▶ [Your goal]
Taking the line with "Минулої доби ЗСУ" as the first and the line with "Печати паланок войска Запорожского." as the last, set down exactly every line in that range from the entries below, and no more.

▶ [Data supplied]
-----
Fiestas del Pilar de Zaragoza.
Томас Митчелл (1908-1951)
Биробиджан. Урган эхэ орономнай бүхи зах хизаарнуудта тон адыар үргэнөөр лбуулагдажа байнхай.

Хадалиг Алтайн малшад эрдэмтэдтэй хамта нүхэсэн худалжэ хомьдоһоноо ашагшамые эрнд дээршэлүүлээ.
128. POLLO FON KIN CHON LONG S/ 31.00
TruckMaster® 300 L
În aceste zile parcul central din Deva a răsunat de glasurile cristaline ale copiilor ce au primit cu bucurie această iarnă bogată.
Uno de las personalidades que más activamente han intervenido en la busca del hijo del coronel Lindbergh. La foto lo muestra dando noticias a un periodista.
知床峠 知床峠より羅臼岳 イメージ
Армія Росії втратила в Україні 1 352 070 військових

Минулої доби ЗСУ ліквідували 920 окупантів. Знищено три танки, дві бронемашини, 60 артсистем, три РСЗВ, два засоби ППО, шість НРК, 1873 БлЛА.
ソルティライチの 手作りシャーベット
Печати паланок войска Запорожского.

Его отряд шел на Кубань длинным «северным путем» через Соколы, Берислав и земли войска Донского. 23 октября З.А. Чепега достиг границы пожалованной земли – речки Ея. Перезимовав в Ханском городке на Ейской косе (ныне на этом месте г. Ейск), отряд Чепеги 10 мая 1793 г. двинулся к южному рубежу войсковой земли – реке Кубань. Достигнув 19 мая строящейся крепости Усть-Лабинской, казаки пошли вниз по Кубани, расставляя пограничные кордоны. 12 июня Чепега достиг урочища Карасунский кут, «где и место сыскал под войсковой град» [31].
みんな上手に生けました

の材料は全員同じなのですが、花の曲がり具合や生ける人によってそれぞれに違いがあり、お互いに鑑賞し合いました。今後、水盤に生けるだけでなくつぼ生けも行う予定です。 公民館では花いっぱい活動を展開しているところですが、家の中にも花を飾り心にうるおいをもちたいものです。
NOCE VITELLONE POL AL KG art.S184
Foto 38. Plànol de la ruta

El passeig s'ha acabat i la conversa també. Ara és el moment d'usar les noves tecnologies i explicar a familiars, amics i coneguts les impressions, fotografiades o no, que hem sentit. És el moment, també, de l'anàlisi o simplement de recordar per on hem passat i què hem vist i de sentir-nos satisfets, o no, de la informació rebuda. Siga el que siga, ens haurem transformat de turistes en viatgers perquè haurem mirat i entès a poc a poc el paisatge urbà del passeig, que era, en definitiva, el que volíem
-----
▶ [Response area]
Минулої доби ЗСУ ліквідували 920 окупантів. Знищено три танки, дві бронемашини, 60 артсистем, три РСЗВ, два засоби ППО, шість НРК, 1873 БлЛА.
ソルティライチの 手作りシャーベット
Печати паланок войска Запорожского.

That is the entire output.